Our sale to Coke expanded our reach from 15,000 to more than 80,000 stores. But more shelves didn’t automatically mean we sold more bottles. In fact, though our sales in existing stores continued to grow, we actually saw our average sales per outlet go down as we entered many stores where consumers had never seen our drinks. In a shaky economy, nervous consumers were cautious about trying out a $1.59 bottle of organic tea when they could pick up a 99-cent can of a tea-flavored drink.
So we had to find low-cost, high-impact ways to introduce the Honest brand to millions of new consumers. Our central effort was a social experiment called the Honest Cities campaign. We set up racks of bottles in downtowns everywhere from Alki Beach Park in Seattle, to Prudential Center in Boston, to Dupont Circle. For each display, we set up a Lucite box and asked consumers to pay a dollar per bottle — on the honor system. In addition to providing thousands of sampling opportunities, the experiment earned free media coverage and we doubled our Facebook friends to more than 70,000. The average honesty rate was 94 percent. (We donated the proceeds to City Year, Share our Strength and Rails to Trails.)

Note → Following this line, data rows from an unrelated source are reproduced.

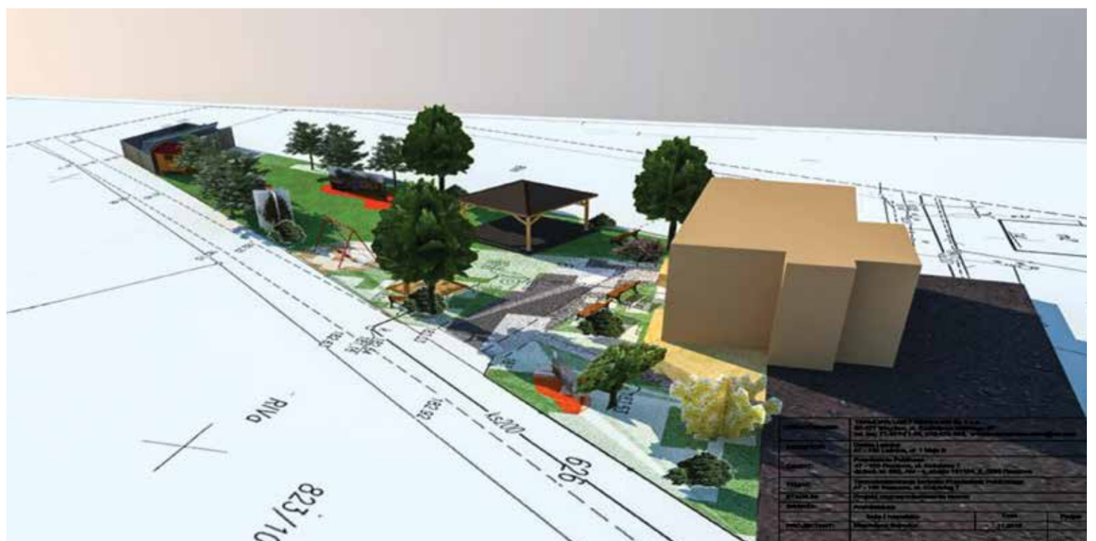
Tak będzie wyglądać przedszkole i plac zabaw w Raszowej.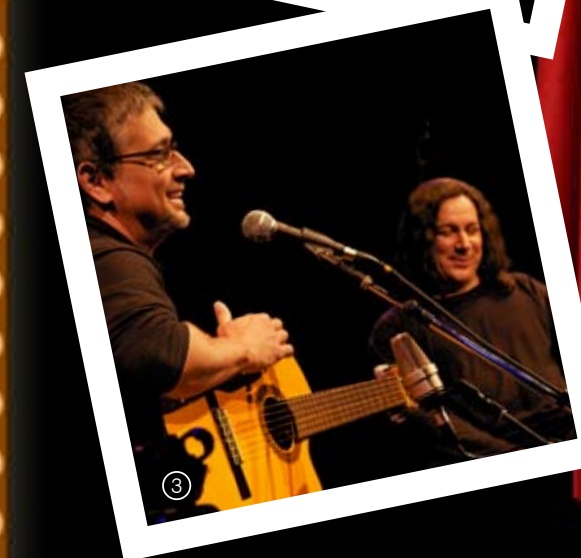
1 - Juquinha e o espetáculo Juquinha Como Você Nunca Viu 2 - Glória Rabelo traz Histórias Que Eu Não Inventei 3 - A dupla Zé Renato e Renato Braz apresenta o show Papo de Passarim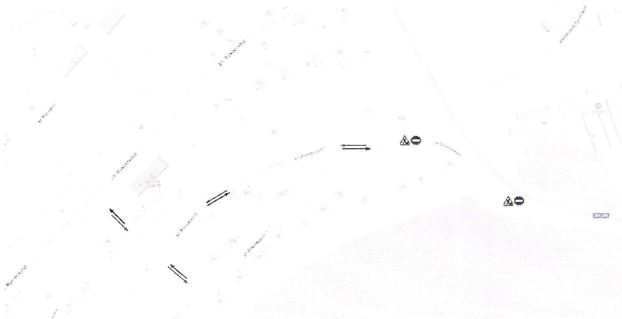
Схема организации дорожного движения по участку автомобильной дороги местного значения по улице Маяковского

Приложение №1 к постановлению администрации Усть-Кутского муниципального образования (городского поселения) от «16» июня 2023г. № 1508-П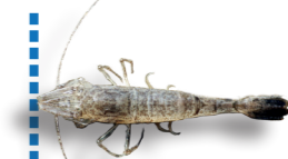
Autres crevettes 3 cm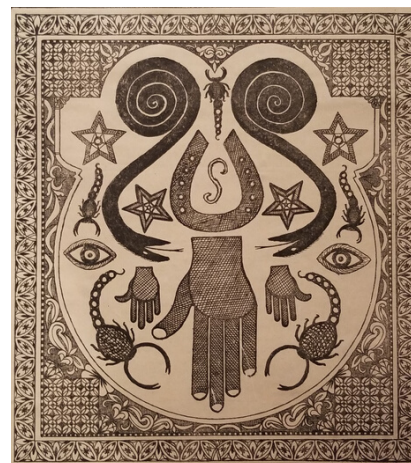
Talisman. Morocco, Africa. ca 1960. Gift of the Girard Foundation Collection, Museum of International Folk Art.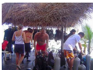
Les préparatifs matériels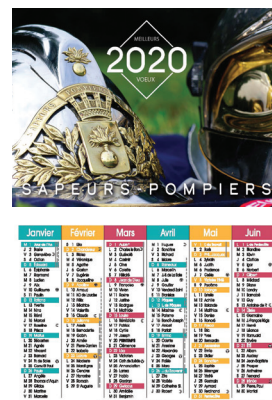
CALENDRIER DE POCHE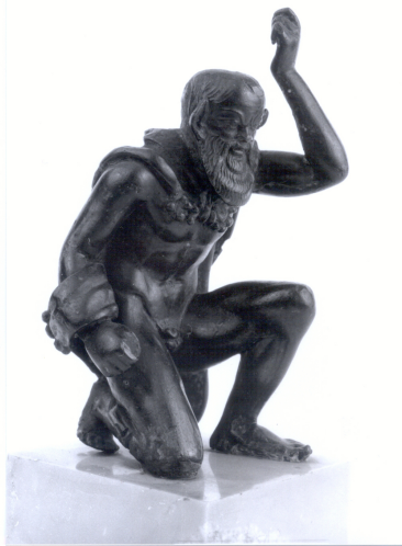
Fig. 2 : Satyre agenouillé, bronze. H. 10,6 cm, I er siècle après J.-C. BnF, Cabinet des Médailles, B.-B. 422.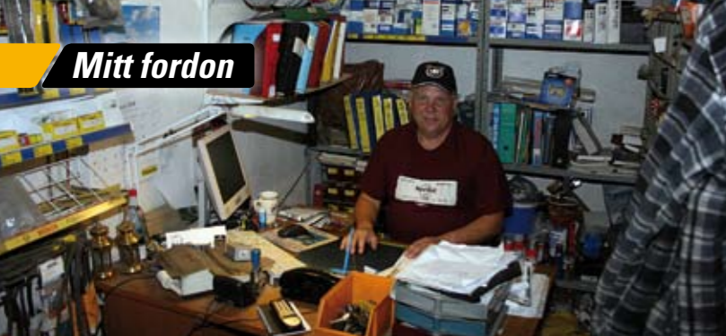
Det effektiva kontoret samsas med firmans lager.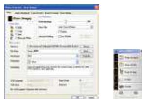
Pantalla principal de Button Manager V2

Completa su escaneo con un paso sencillo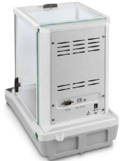
KERN ACS/ACJ mit serienmäßiger Datenschnittstelle RS-232 und USB

Der Bestseller unter den Analysenwaagen, mit hochwertigem Single-Cell Wiegesystem, auch mit Eichzulassung [M]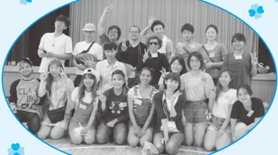
グループで記念撮影

レクリエーションタイム。チームに分かれジャンケン、ジェスチャーゲームなどを次々に行っていくながてメンバー同士仲良くなりました。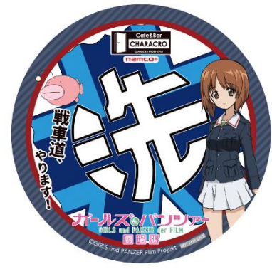
【ドリンク例】戦車道、やります！ 700 円/税込 ※ストローアクセサリ&コースター付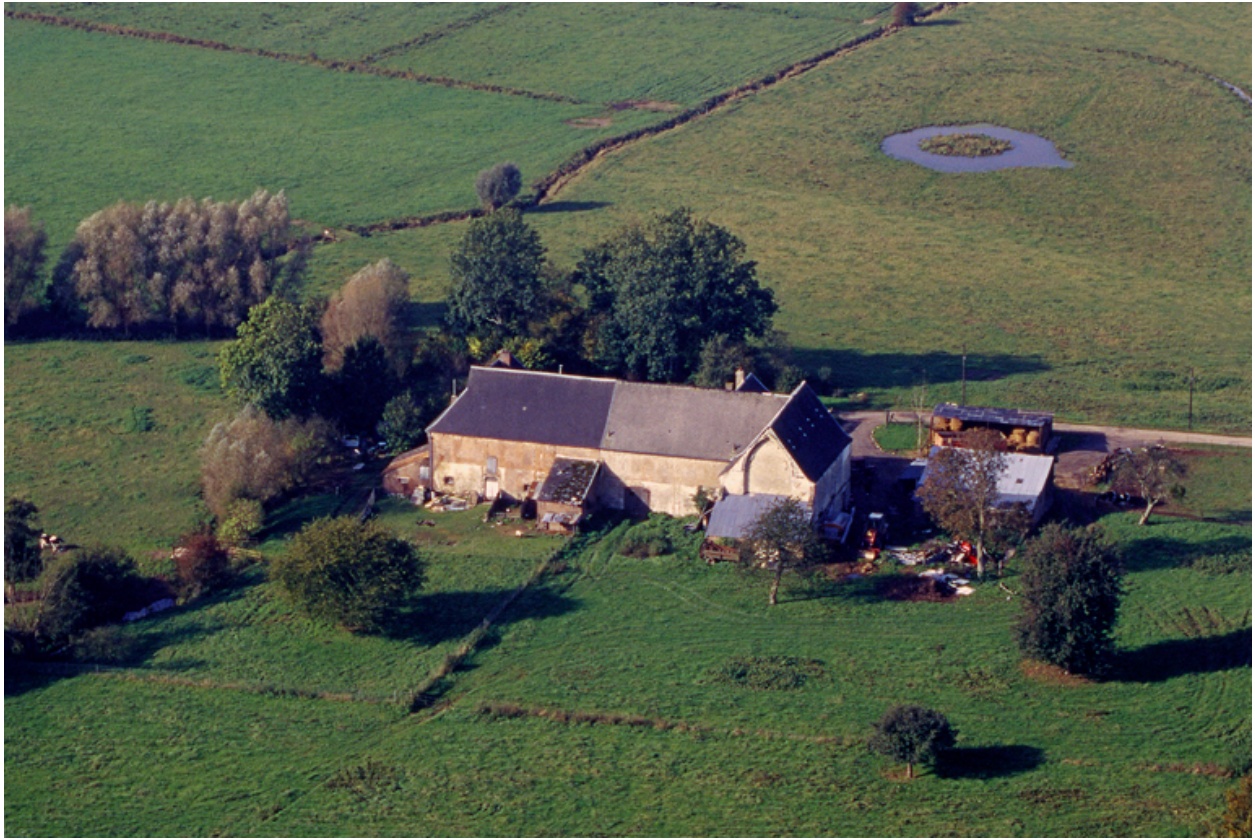
Vue aérienne nord-est des bâtiments subsistants de l'abbaye et du site.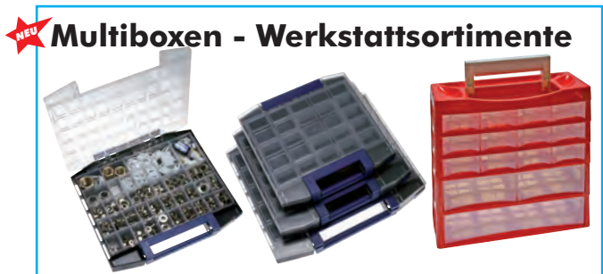
NEU Multiboxen - Werkstattsortimente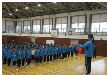
《2,3年生で国歌、校歌の練習をして》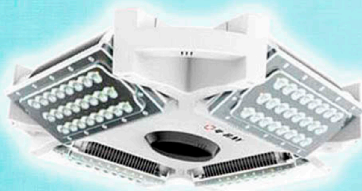
Multimódulo Direccional de Alta Potencia 200W 30-60-120°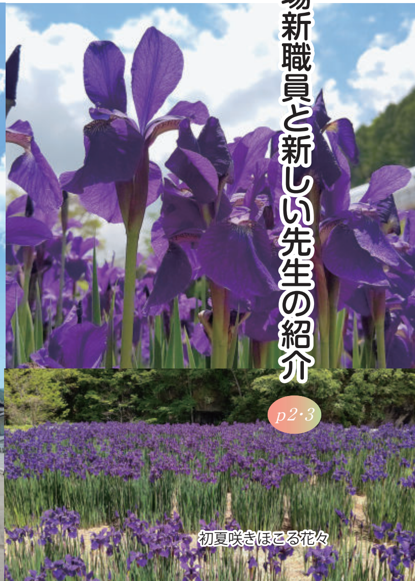
初夏咲きほころぶ花々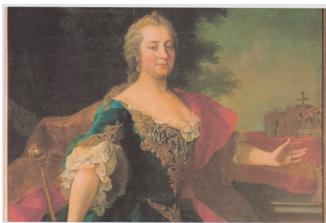
Císařovna Marie Terezie

Zdroje obrázků: www.i60.cz + wikipedia.org

By the time our company was acquired in March, most of Coke’s sales planning for the year had already happened. For 2012, though, we’ve been included in the planning process and will have a better chance to benefit from the Coca-Cola system’s powerful marketing and grocery partnerships. We anticipate continued economic headwinds for premium brands in 2012 but I’m encouraged to see growing demand for organic and low-calorie options across all food and beverage categories.
Despite all the fears I have heard about President Obama’s health-care plan driving rates up, we were able to share some positive news with our employees about health-care premiums. After back-to-back years of 18 percent increases, we were able to announce that our 2012 premiums will actually be going down 6 percent. While our average employee age (36) is staying the same, our experience rate went down, meaning the claims of our employees and families were less than the average claims in the Washington-area community. The savings we’ll realize from this cost reduction will help offset the salary of at least one employee.
While lower health premiums were welcome news, they didn’t offset the impact of our decision to eliminate several field marketing positions, primarily in the central part of the U.S. Our marketing efforts there weren’t producing the kind of results they did on the coasts and we’d have to try something different. During the company meeting, we had difficult conversations about the people who were no longer on the team, as well as the imposing goals we’ve set for 2012.
But the focus of the meeting was on how to get it done, and the business plan and energy generated in Bethesda were as strong as ever. Though we miss the power of stock options as incentives, it’s clear that as Honest Tea matures, the rewards of being on a spirited team of entrepreneurs and idealists (who are able to earn bonuses) can be powerful.
Our employees may no longer own Honest Tea in an economic sense, but the spirit we shared on the courts and in the conference rooms confirmed we are still owners of the brand.
Seth Goldman is president and TeaEO of Bethesda-based Honest Tea.